5th August 2010

From an external perspective it would seem that the local authority network is focused solely on the forthcoming local enterprise partnership discussions (LEPs) and how it may impact on their control of services.

Since the notice from the government that Regional Development Agencies – and also regional government offices – are to be abolished there has been little talk of anything other than LEPs. Reaction varies from authorities caught like rabbits in headlights awaiting “further guidance” to those who see it as a way to wrest power and control. The government has been specific in that they are seeking views from local areas and will not be issuing more guidance and yet some authorities cling on to the hope of details emerging telling them what they have to do just like a toddler with a comfort blanket. It is very disappointing that officers have become so used to “obeying orders” that many seem to have lost the ability to think for themselves.

At the other end of the spectrum the opportunistic see this as a chance to grab the initiative (and power) and are seeking to overturn the “old order”. I have had so many conversations with officers and members that I am dizzy with the myriad of solutions being touted around.

I am realistic enough to understand that the decisions on what the boundaries may be will be decided by politicians. Businesses have neither the time nor inclination to spend hour after hour arguing over lines on a map.

So what seems to be emerging? At this stage it is clear that upper level authorities see boundaries concurrent with theirs and that it is a chance to wrest more control for themselves. On the whole districts are disgruntled and are seeking different pairings which appear to have greater resonance with the governments vision of local economic areas with a degree of common issues. Worryingly there is little in the way of original thinking and exciting and different ideas being discussed.

In the East of England we suffer from a lack of a regional identity with places like Herrtfordshire having little in common with Norfolk for example. This should be the catalyst for original thinking and LEPs emerging which do not follow simple county lines. For example Great Yarmouth and Lowestoft are reliant on each other (even if both authorities refuse to acknowledge that) and have more in common than they do with say Ipswich and Kings Lynn and yet county lines preclude real engagement. Similarly the coastal strip from Kings Lynn to Harwich shares ports to tourism, energy to erosion and would make a very interesting LEP which could be unique – thus increasing the chance of accessing funding. In the other direction a LEP based on Peterborough and including the fens, south lincs, west norfolk and rural cambridgeshire has much to commend it.

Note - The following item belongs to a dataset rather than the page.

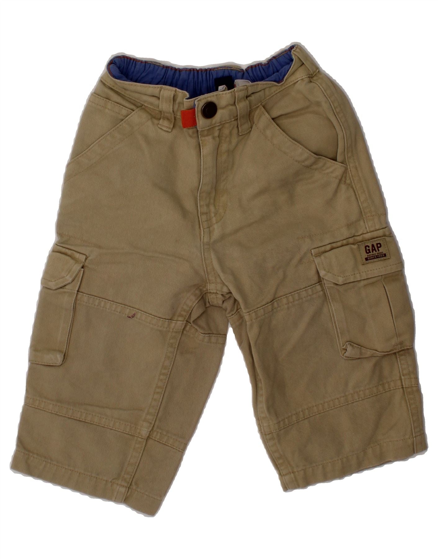 - AI Description: These classic khaki cargo shorts from Gap are perfect for any young lad. Crafted from durable 100% cotton canvas, they feature a comfortable regular fit with an elastic, adjustable waist. The button closure ensures a secure fit, while multiple pockets provide ample storage. Pre-owned in excellent condition, with minor stains on the pocket, size 3. Machine washable.

So where does business fit in? Somewhere down the line in all honesty. There has been minimal discussion with real businesses with local authorities believing that if they consult with Chambers of Commerce, the IOD and FSB that they have ticked that box. We support – and are members of – each of these organisations but they are not business. We need CEOs and Chairmen of businesses to sit on LEPs if they are to be anything other than talking shops. I even got hold of one internal council document which suggested that despite government instruction that a LEP must have local authority majority or they would be “undemocratic” and power may be ceded to “unaccountable” individuals! I know who I would rather have running my budgets!

This is a great opportunity to shape local plans over the next few years and yet I wonder if I am being too cynical in believing that little will change. I want a strong local economy based on enterprise and cutting through the ridiculous bureaucracy which stops most business people from becoming councillors. I hope that LEPs become local powerhouses for change but based on what I have seen and heard so far my hopes are not that high.